Neither model is automatically more secure or less expensive.

A local server reduces the remote network surface, but it executes code with access to the user's machine and often stores backend credentials locally. A hosted server keeps runtime and backend credentials off developer machines, but introduces an internet-facing service, an operator trust boundary, and ongoing hosting responsibilities.

The right comparison is not “free local package versus paid cloud URL.” It is who operates the server, where secrets live, which failures matter, and how many people must use it.

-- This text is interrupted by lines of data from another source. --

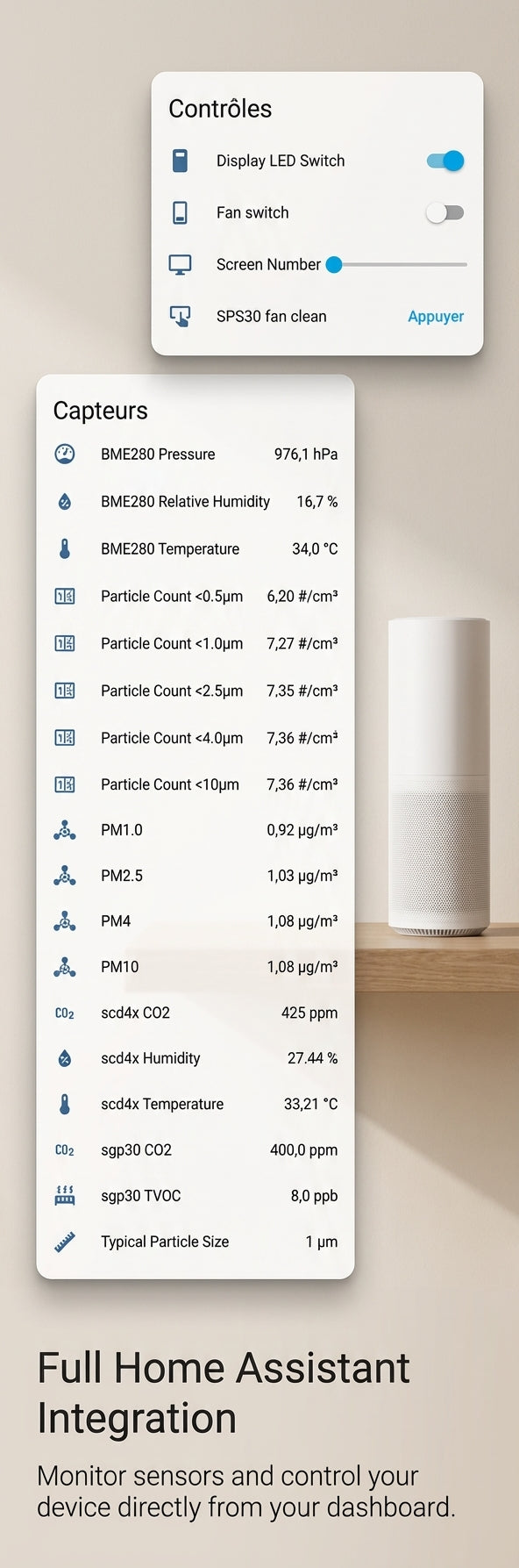 This device integrates professional-grade sensors and is fully compatible with ESPHome and Home Assistant, allowing seamless integration into your smart home system.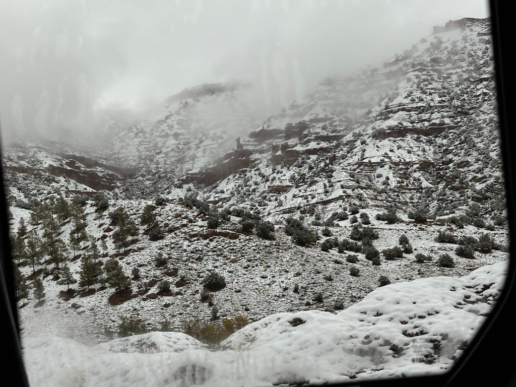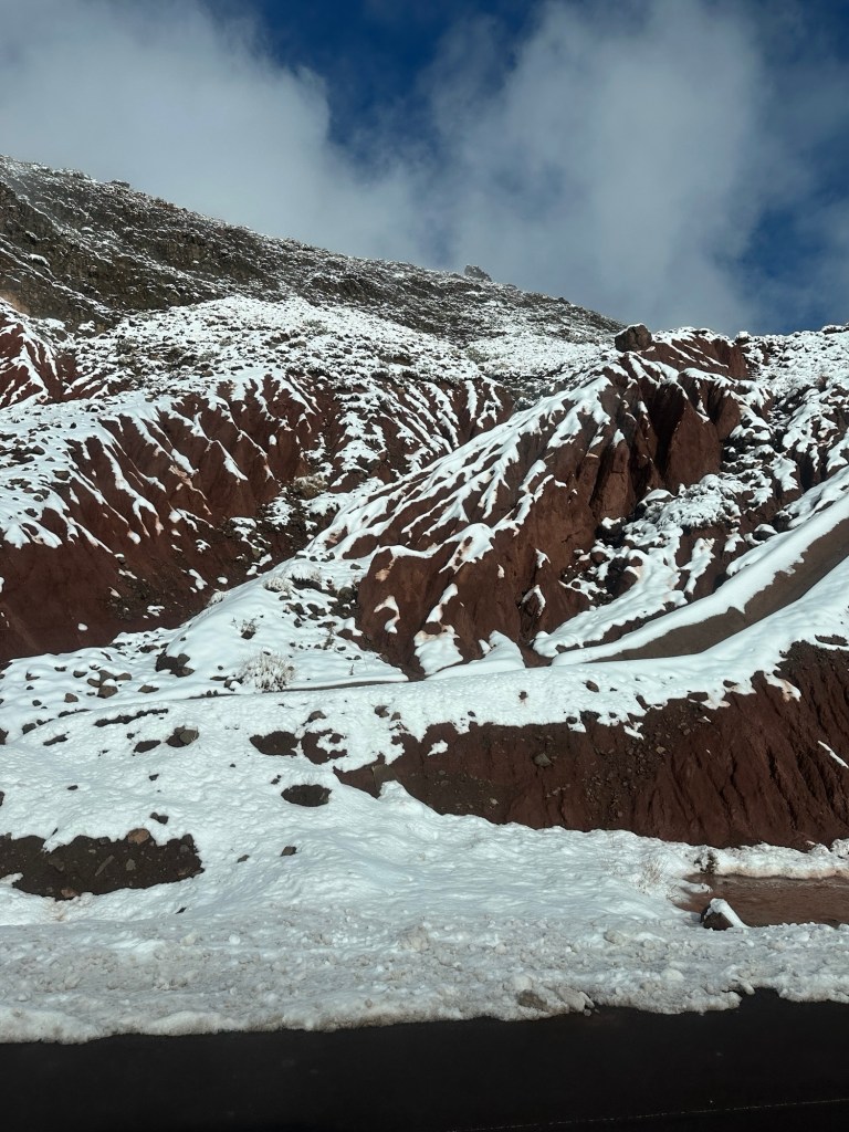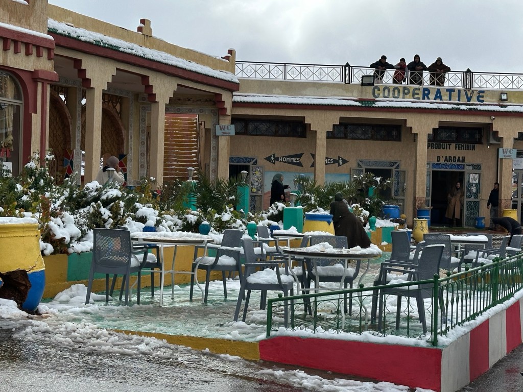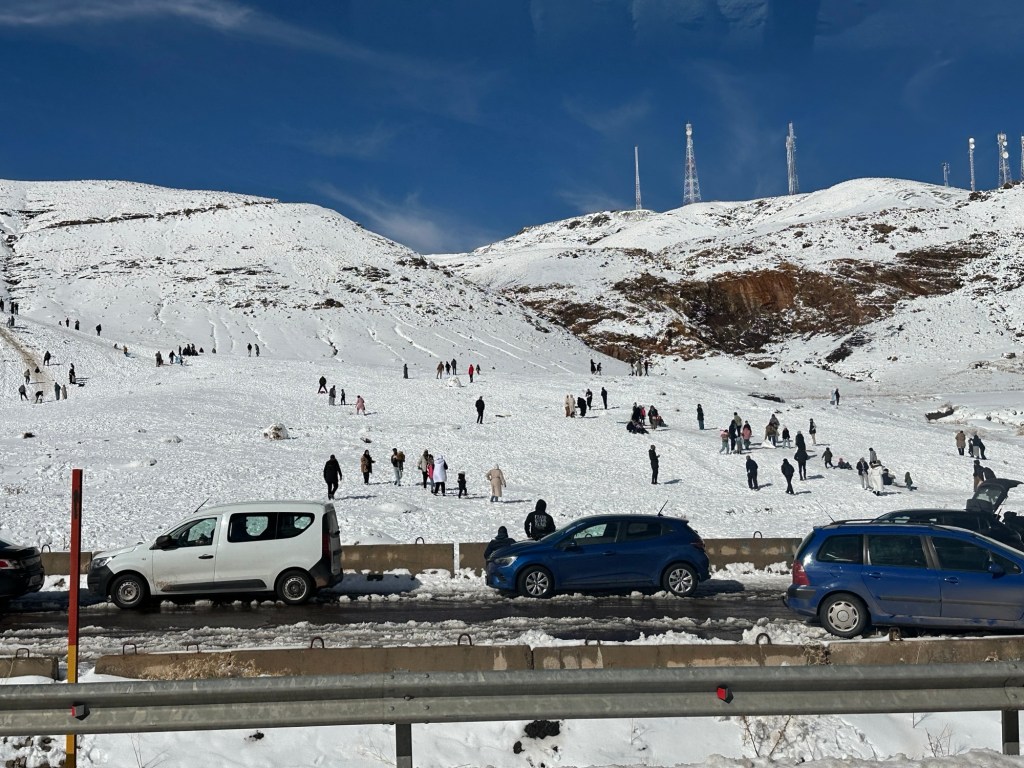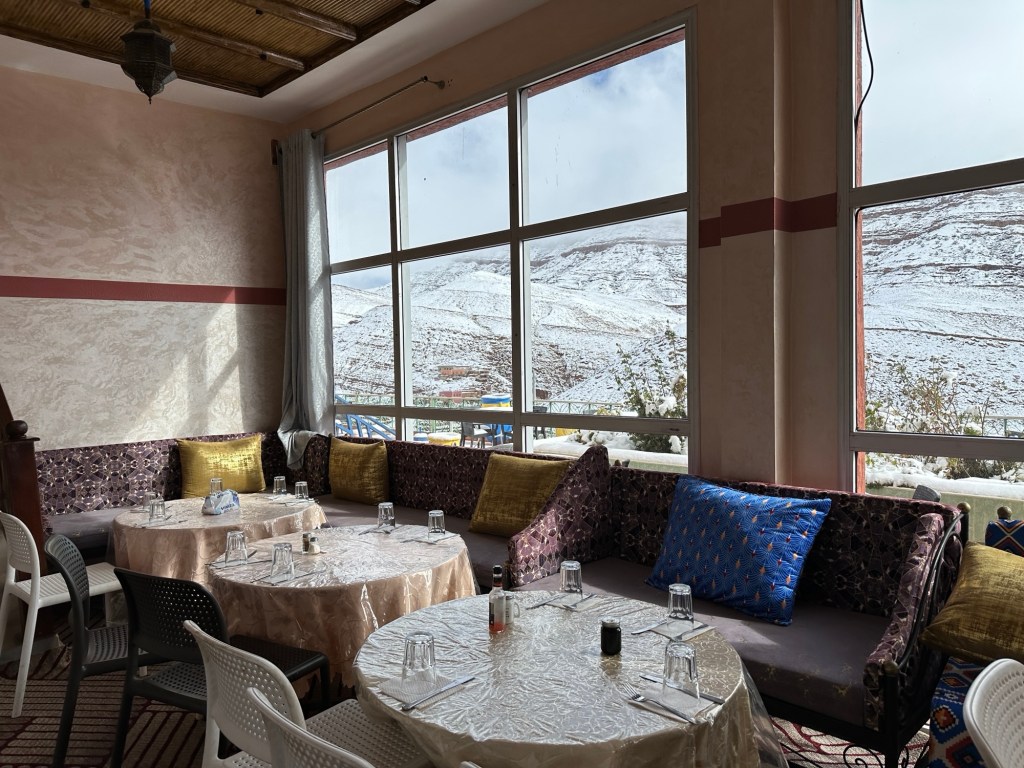 After a stop for pictures in the snow we start our descent out of the mountains. We watch excited kids sliding down snow hills in the process. We eventually arrive in Marrakech and spend our first evening in town on our own. More on that later.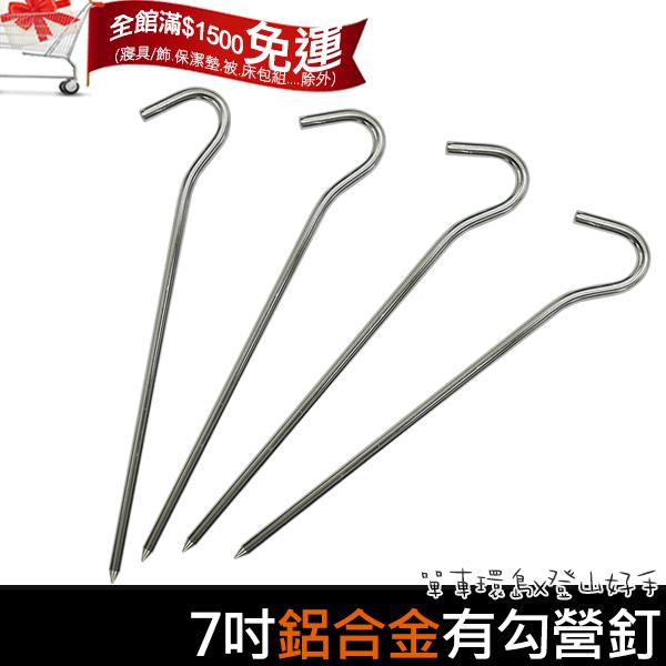1支10元【登山好手】7吋輕量鋁合金有勾營釘 炊事帳釘 外帳釘 營地釘 地墊釘 園遊會戶外活動篷釘子 防風釘 大量訂購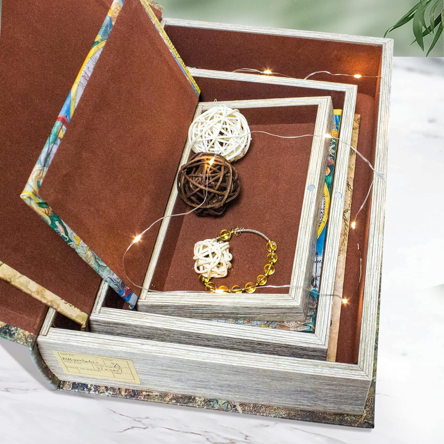 Decorative Book Box Set of 3, Fake Book Trinket Keepsake Storage Boxes with Ancient World Map Pattern, Graduation Gift

Local, remote, hosted, and self-hosted are different terms

MCP defines the protocol, not one deployment model. The official MCP architecture overview describes servers as programs that can run locally or remotely.

In common usage:

  • Local MCP server: runs on the same machine as the AI client, usually as a subprocess over stdio
  • Remote MCP server: runs independently and is reached over a network transport, normally Streamable HTTP
  • Hosted MCP server: a remote server operated for you by a provider or internal platform team
  • Self-hosted MCP server: a local or remote deployment that your organization builds or operates itself

This means “hosted versus local” compares both location and operational ownership. A server can also be remote and self-hosted: your team deploys it to its own cloud account and owns the complete production lifecycle.

datamcp is a hosted service. It provides remote MCP endpoints for PostgreSQL and OpenAPI connections. A self-hosted or on-premise datamcp edition is not currently available.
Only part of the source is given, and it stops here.